Let's say I have an adjacency list with bundled properties. My vertices are of type VertexType and edges are of type EdgeType. Here, VertexType resembles a person for a simple example. VertexType::pred is the predecessor when used with Dijkstra's algorithm.
struct VertexType
{
std::string name;
int age;
int pred;
};
struct EdgeType
{
double weight;
};
Below is a simple example.
void edgeWeightProblem()
{
// Graph and vertex descriptor typedefs.
typedef boost::adjacency_list<boost::vecS, boost::vecS,
boost::directedS,
VertexType,
EdgeType
> GraphType;
typedef boost::graph_traits<GraphType>::vertex_descriptor VertexDescriptor;
// Create graph and vertices vector.
GraphType G;
std::vector<VertexDescriptor> graphVertices;
// Add vertices.
graphVertices.push_back(add_vertex({"Tom", 23}, G));
graphVertices.push_back(add_vertex({"Frank", 25}, G));
graphVertices.push_back(add_vertex({"John", 42}, G));
graphVertices.push_back(add_vertex({"Emily", 22}, G));
// Add edges.
add_edge(graphVertices[0], graphVertices[1], {.2564}, G);
add_edge(graphVertices[0], graphVertices[2], {.3572}, G);
add_edge(graphVertices[1], graphVertices[3], {.1246}, G);
add_edge(graphVertices[2], graphVertices[3], {.5361}, G);
// Dijkstra shortest path.
dijkstra_shortest_paths(G, graphVertices.front(),
predecessor_map(boost::get(&VertexType::pred, G))

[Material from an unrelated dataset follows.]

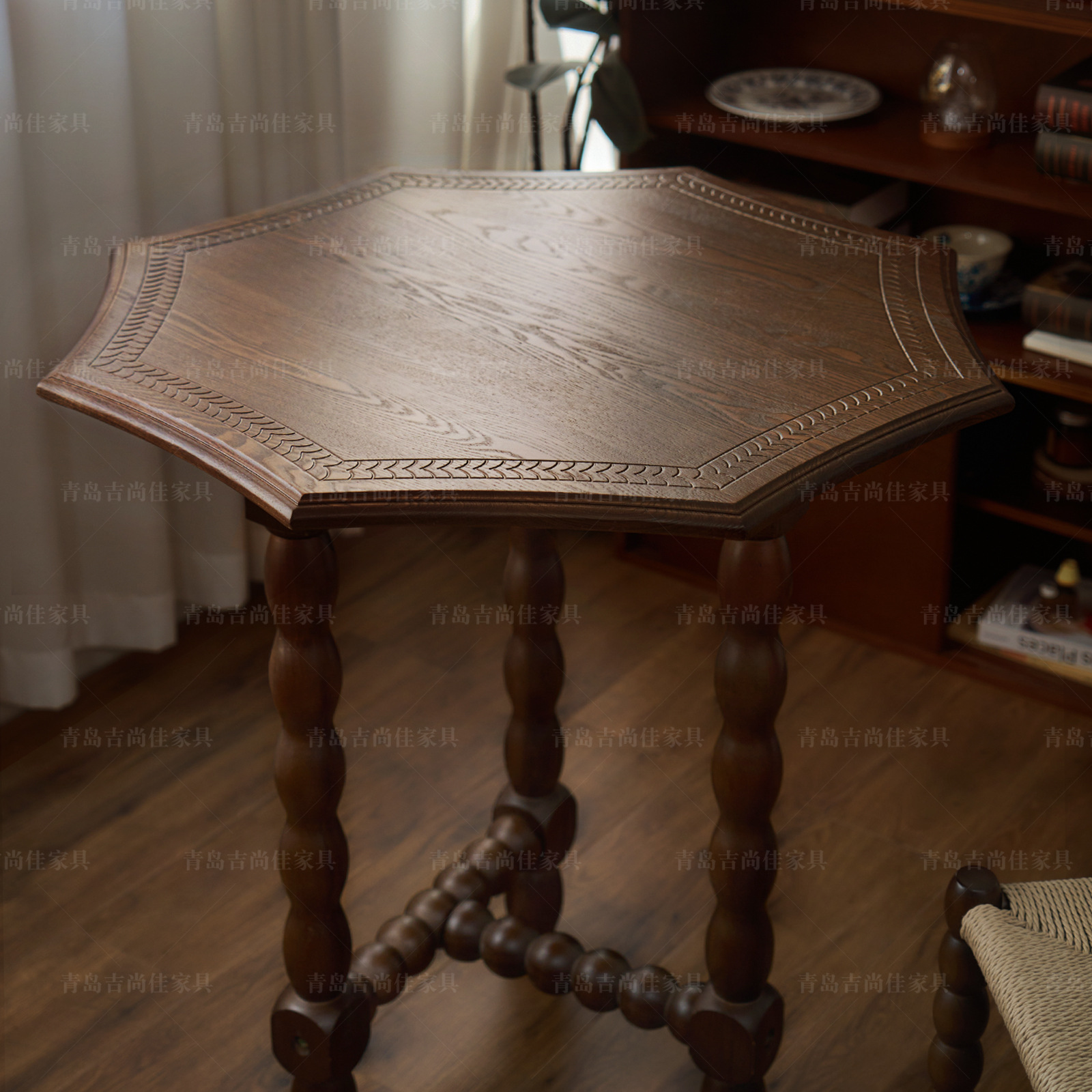 Meja Makan Kayu Solid Prancis Meja Makan Persegi Retro Kafe Restoran Gaya Pertengahan Bar Teh Susu Toko Meja Makan Kursi

.distance_map(boost::get(&VertexType::pred, G))
.weight_map(boost::get(&EdgeType::weight, G)));
// Debug pred.
std::vector<VertexType> vec;
for (const VertexDescriptor& vd : graphVertices)
{
vec.push_back(G[vd]);
}
// Extract the shortest path.
std::vector<VertexDescriptor> shortestPath;
VertexDescriptor currentVertex = graphVertices.back();
while (currentVertex != graphVertices.front())
{
shortestPath.push_back(currentVertex);
currentVertex = G[currentVertex].pred;
}
shortestPath.push_back(currentVertex);
std::reverse(shortestPath.begin(), shortestPath.end());
// Display graph.
std::cout << "\nGraph Display: \n";
boost::print_graph(G);
std::cout << "\n";
// Print the shortest path.
std::cout << "Shortest Path: \n";
for (const auto& node : shortestPath)
{
std::cout << node << " -> ";
}
std::cout << "\n";
}
As expected, I get the following output:
Graph Display:
0 --> 1 2
1 --> 3
2 --> 3
3 -->
Shortest Path:
0 -> 2 -> 3 ->
But, if I remove the decimal of the edge weights, (ex: .2564 -> 2564), I will not be able to find the shortest path since the predecessor of each vertex will be itself. This also result in an infinite loop as a side affect for this example.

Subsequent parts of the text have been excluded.